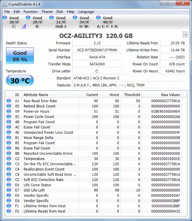 Habe die erste Hälfte dieses Teil VIII-Threads gelesen, von daher nehme ich an, dass ich einfach schlechte Qualität habe. Ich zeig euch trotzdem mal die CrytalDiskInfo-Werte, ich hoffe, ihr könnt mir erklären (hab schon gelesen, dass Kingston wohl bei den SMART-Werten lügt), wie lange die SSDs noch halten, was da verbaut wurde und wieviel Speicherplatz ersetzt wurde. Ich frage mich: wenn die Schreibgeschwindigkeit früher 5mal so hoch war, wurden dann 1 GB Benchmarkzellen durch schlechtere ersetzt? Der Speicherplatz ist nicht kleiner geworden und Windows war früher auch schon drauf, wo die Werte noch passten. Kapier ich nicht.
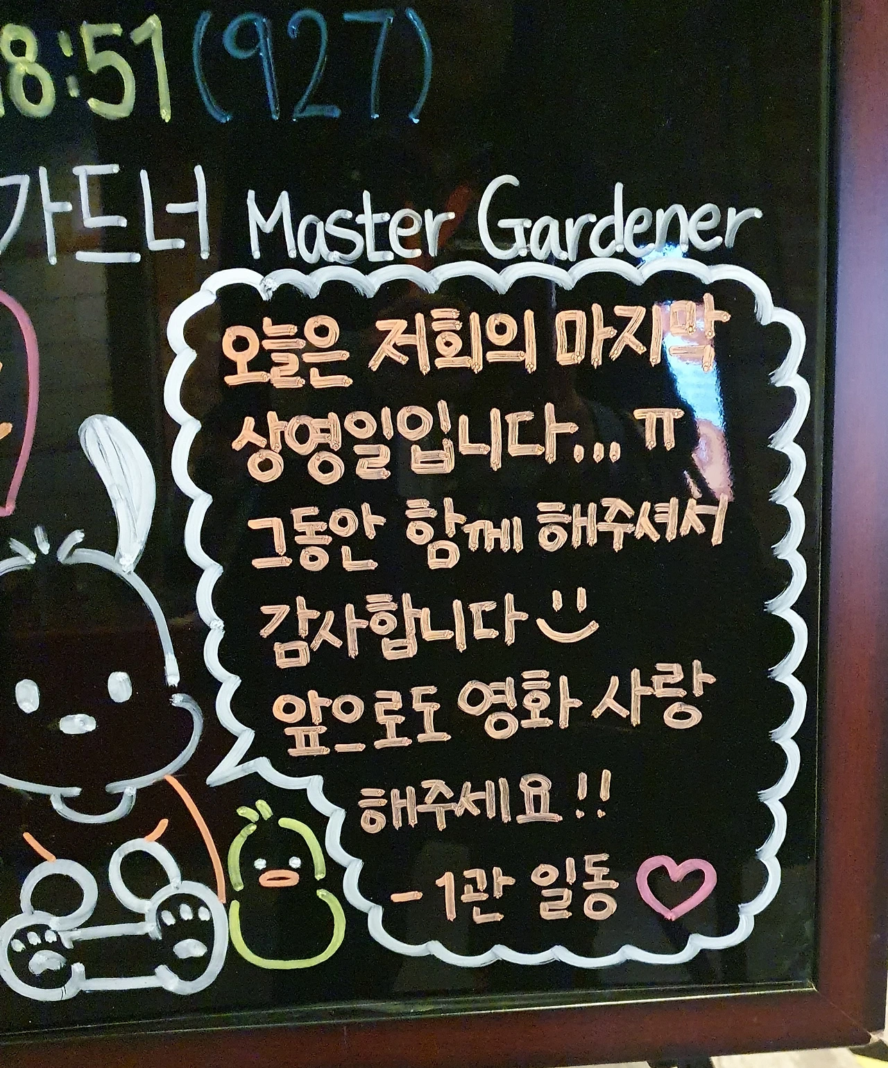 힘든 상황 속에서도 영화제는 언제까지나 영원하기를 기원합니다. 단 열흘간의 축제를 위해 관계자들은 일년 내내 준비하는 걸로 알고 있습니다. 고생하신 관계자들, 늘 밝고 씩씩한 모습으로 활기를 주는 영화제의 꽃, 젊은 자원봉사자들께도 수고하셨다는 말을 전하고 싶네요.
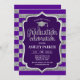 Graduation party invitation for men or women. Elegant invite card in purple and silver. Modern simple design featuring stripes, a cap, faux glitter silver and typography script font. Perfect for a stylish graduation celebration. Printed Zazzle invitations or instant download digital printable template.
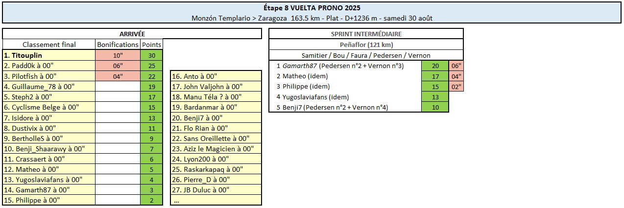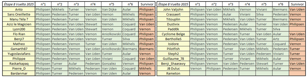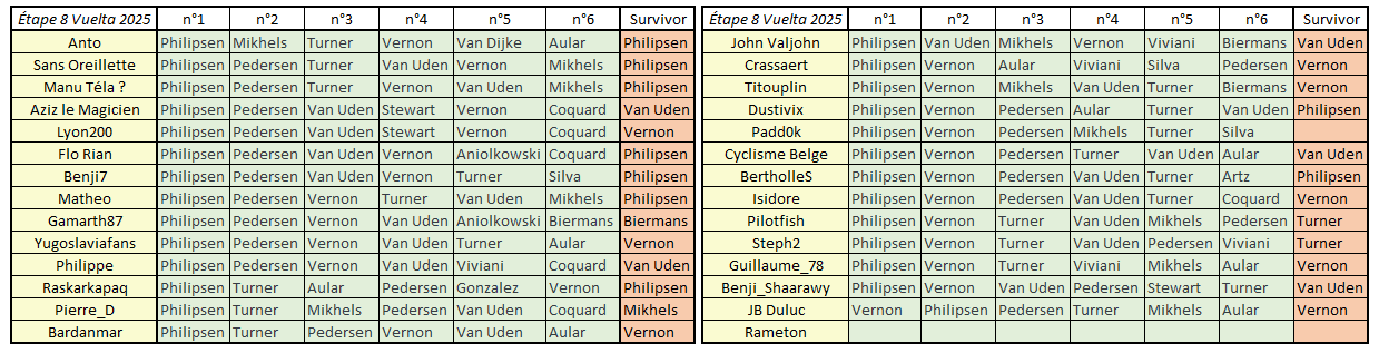 Résultats Étape 8 - Vuelta Prono & Survivor 2025
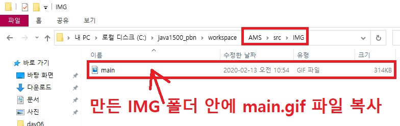 ② 만든 IMG 폴더 안에 main.gif 파일 넣기

○ ○ ○ ○ ○ ○ ○

▶ _Work instruction_
With the pictures left aside, set down each entry above exactly as it stands.

▶ _Task solution_
 Habe die erste Hälfte dieses Teil VIII-Threads gelesen, von daher nehme ich an, dass ich einfach schlechte Qualität habe. Ich zeig euch trotzdem mal die CrytalDiskInfo-Werte, ich hoffe, ihr könnt mir erklären (hab schon gelesen, dass Kingston wohl bei den SMART-Werten lügt), wie lange die SSDs noch halten, was da verbaut wurde und wieviel Speicherplatz ersetzt wurde. Ich frage mich: wenn die Schreibgeschwindigkeit früher 5mal so hoch war, wurden dann 1 GB Benchmarkzellen durch schlechtere ersetzt? Der Speicherplatz ist nicht kleiner geworden und Windows war früher auch schon drauf, wo die Werte noch passten. Kapier ich nicht.
 힘든 상황 속에서도 영화제는 언제까지나 영원하기를 기원합니다. 단 열흘간의 축제를 위해 관계자들은 일년 내내 준비하는 걸로 알고 있습니다. 고생하신 관계자들, 늘 밝고 씩씩한 모습으로 활기를 주는 영화제의 꽃, 젊은 자원봉사자들께도 수고하셨다는 말을 전하고 싶네요.
 Graduation party invitation for men or women. Elegant invite card in purple and silver. Modern simple design featuring stripes, a cap, faux glitter silver and typography script font. Perfect for a stylish graduation celebration. Printed Zazzle invitations or instant download digital printable template.
 Résultats Étape 8 - Vuelta Prono & Survivor 2025
 ② 만든 IMG 폴더 안에 main.gif 파일 넣기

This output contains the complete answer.